Employer Property Rights vs Human Rights

Two conflicts of employer property rights vs the rights of employees have come up in different places, but with similar questions of priority and principle.  In both cases employers have taken what is a legally and morally untenable position that their right to control their property is a superior consideration to the rights of their employees while on that property.

In Tennessee the "Guns in Trunks" bill makes it illegal for an employer to terminate or discipline a state-licensed Conceal and Carry permit holder for keeping a gun in their vehicle on company property.  The essence of the law is that the permit holder's right of self defense should not be compromised throughout the entire day, nor their job endangered,  because they spend part of that day on the property of an employer with a no-guns policy. The Tennessee Chamber of Commerce and gun-control advocates have opposed the law on the basis of safety.

Those policies, just so you know, have exceptionally little to do with safety: they are about liability protection for the employer. I've written several handbooks and you can trust me on this.

The other property rights issue comes out of my Church, as the United States Council of Catholic Bishops (USCCB) opposes the Health Care Reform law's contraceptive mandate.  They have chosen to fight the law in court, not just based upon religious conscience, but on the basis of private property rights.  Their theory is that Catholic workplaces such as hospitals, schools, and clinics, are private property.  It is, in their view, an offense against religious liberty that their funds on their property have to fund something they find to be morally wrong.
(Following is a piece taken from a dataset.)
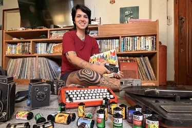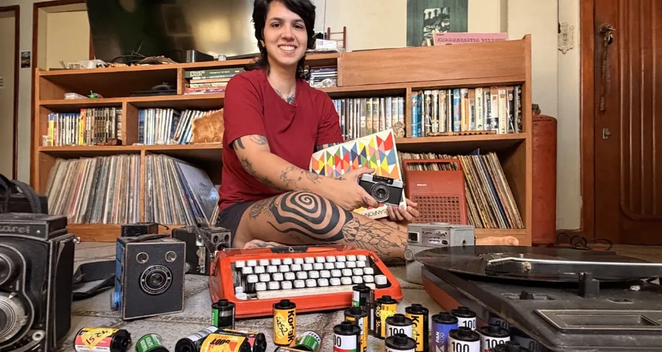 A cineasta Luiza Grillo Rabello, 29 anos, é um exemplo desse comportamento. Colecionando objetos como discos de vinil, livros e câmeras analógicas, ela encontra neles uma forma de se conectar com histórias e vivências que atravessam o tempo.
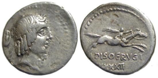 C. Piso L. f. Frugi : AR Denarius : Galloping Horseman, XXXXII below

The problem is that these institutions (1) are open to the public and (2) hire non-Catholic employees and (3) take federal Medicare and Medicaid reimbursements drawn largely from non-Catholic taxpayers. How you apply controls assigned to "private property" to those facilities and circumstances is anyone's guess.

To believe the claims in either of these examples is to accept the position that a landowner's right to control his or her own property extends to an ability to control the non-work personal conduct of all who set foot on that property.  As an employer that is clearly and overreach. In the case of the USCCB, accepting their position extends their right of control past their property lines and into the private reproductive choices of their employees.

Just for clarity, stepping away from the employer/employee context momentarily, I would totally support the USCCB if those facilities accepted no public funds and hired only Catholics.  Once you step into the public arena and accept public funds the rules change.

People are more important than property. As such individual rights should always trump property rights, lest the individual become on the level with and synonymous with property.   As these conflicts wind their way through courts and legislatures, look for the law to eventually uphold that concept. The alternative is a plantation mentality that is contrary to our American ideals.